What this task involves: Look below for the line containing "Półka łazienkowa na"; from there, print each line exactly up to and including the line containing "今日は当たりはするけど、針掛", and stop.

Available data:
Content starts

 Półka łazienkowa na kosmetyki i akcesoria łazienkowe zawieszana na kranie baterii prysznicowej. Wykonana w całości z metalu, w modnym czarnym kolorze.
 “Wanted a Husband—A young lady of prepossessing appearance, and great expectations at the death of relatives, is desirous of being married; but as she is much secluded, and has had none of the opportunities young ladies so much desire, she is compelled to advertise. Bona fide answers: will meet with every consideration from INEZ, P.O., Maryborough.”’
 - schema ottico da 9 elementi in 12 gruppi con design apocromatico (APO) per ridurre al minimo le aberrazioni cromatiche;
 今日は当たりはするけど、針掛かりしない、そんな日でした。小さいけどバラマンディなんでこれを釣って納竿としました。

Content ends
Content starts

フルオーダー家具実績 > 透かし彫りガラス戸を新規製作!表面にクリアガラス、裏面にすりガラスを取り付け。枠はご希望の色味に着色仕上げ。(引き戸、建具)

Content ends

Task answer:
 Półka łazienkowa na kosmetyki i akcesoria łazienkowe zawieszana na kranie baterii prysznicowej. Wykonana w całości z metalu, w modnym czarnym kolorze.
 “Wanted a Husband—A young lady of prepossessing appearance, and great expectations at the death of relatives, is desirous of being married; but as she is much secluded, and has had none of the opportunities young ladies so much desire, she is compelled to advertise. Bona fide answers: will meet with every consideration from INEZ, P.O., Maryborough.”’
 - schema ottico da 9 elementi in 12 gruppi con design apocromatico (APO) per ridurre al minimo le aberrazioni cromatiche;
 今日は当たりはするけど、針掛かりしない、そんな日でした。小さいけどバラマンディなんでこれを釣って納竿としました。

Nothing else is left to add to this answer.